The ghost butted in as smoothly as always. "Any chance we can trade?"

"Why would I?"

"'Cause ours is way more murdery. And noisy."

Kokonoe actually seem to mull over the offer for a moment or two. "Nah. I have a Ragna over there right now, I don't want to make a Black Beast by mistake."

"I'd be glad to make one on purpose, if you prefer."

"Terumi-san, please abstain from your evil schemes for today." Hazama asked with a smile and a hint of silver from his pockets. "Your condition may worsen, after all."

Sector Seven's genius professor turned around with a hint of curiosity. "Oh, are you sick?"

"Yes. You see, Terumi-san is madly in love."

"No I'm not!"

"Oh man, looks like it's terminal then." Kokonoe slightly raised her eyebrows. "My condolences. I hope you go out slowly and painfully. Now, if you excuse me, I have to get back to my own family outing."

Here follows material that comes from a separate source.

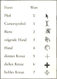 Wem diese sechs zusĂ€tzlichen Maussymbole nicht genĂŒgen, dem steht die Möglichkeit offen, eigene Symbole zu entwerfen. Bei manchen Programmen, die auf die Maus zurĂŒckgreifen ist es sinnvoll, wenn das Maussymbol etwas ĂŒber die momentane Aufgabe des Programmes aussagt (z. B. Stift, Pinsel, Radiergummi).

"It was nice seeing you, Professor Kokonoe." Uncaring, Hazama dropped a mini Ouroboros on Terumi's back, where it gladly began snaking around in search of a nice and dark place to stay. The ghost did not react, but his angry expression said quite enough. "I hope you enjoy your day."

"And I hope you die choking on a boiled egg, but sadly we can't have everything we wish for." She sighed as she pressed the red button.

The ground shook once again, and Tager took off to the sky. "Wait, you still haven't taken those rocked boots off me?!"

"Of course not, they're an upgrade."

"They are a safety hazard!"

"Oh, come on, it's not like you're gonna drop on someone's head."

"We're flying, meow!"

After that, the conversation became too quiet for the Captain to follow, so he turned around, grabbed Terumi by the leg and pulled the ghost along to the sea. Hazama made sure to drag the other through the roughest terrain he could find. The mini Ouroboros decided to coil around his neck.